After that, no one mentioned the stubble of the previous speech contest, because it was exam week in the blink of an eye. Pen & Fun & Pavilion www.biquge.info Whether you are the president of the student union or the unknown otaku rotten girl, everyone is equal in front of the exam, which makes my heart feel a lot better. Because finally I can compete with them on the same starting line.

I'm good for nothing else, and I have low self-esteem, but in my studies, I will never lose to others.

The school, which is close to the depths of winter, is slowly wrapped in a layer of plausible haze, caressing the mist, as if in a fairyland on earth.

I picked up last year's exam paper for Advanced Mathematics and was silently alone in the library's study room, looking for damn limits and differential equations.
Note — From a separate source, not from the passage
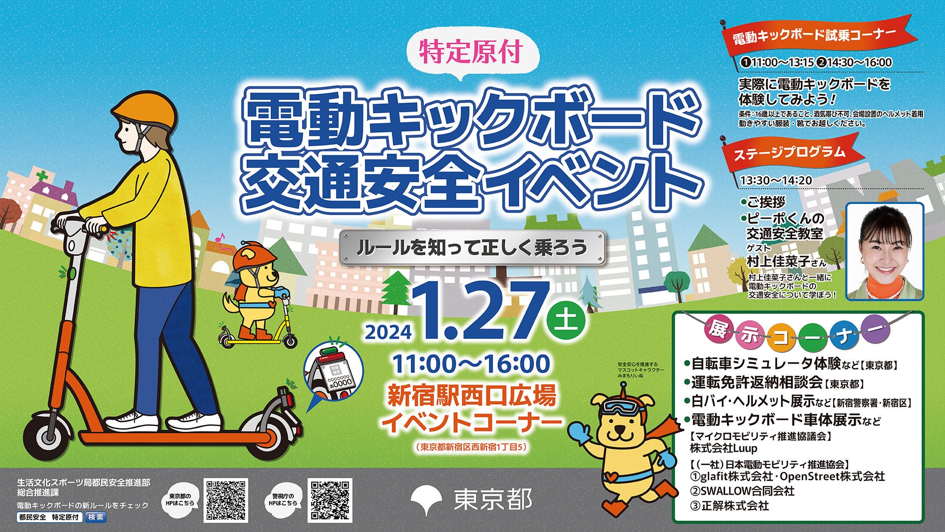 東京都は、警視庁や関係団体等と連携し、電動キックボードの安全利用啓発イベントを開催します。

The general solutions of those higher-order linear nonhomogeneous differential equations inevitably made me a little anxious, and the answer given by the teacher was a little worse. I got up slightly and walked to the door of the library, taking advantage of the cold winter wind to try to keep me awake and change my thinking.

When I got back, I found that my scroll had obvious traces of being moved, and I didn't care, because it was normal for my books to have been passive in this place where people were too busy and unruly.

When I sat down, I was still worried that I hadn't solved the higher-order linear nonhomogeneous differential equations that I had just solved.

At this time, a girl next to me tentatively patted my arm, and I turned my head to find a girl with a flushed face, all her hair combed back, and a clear hairline on her forehead, looking straight at me.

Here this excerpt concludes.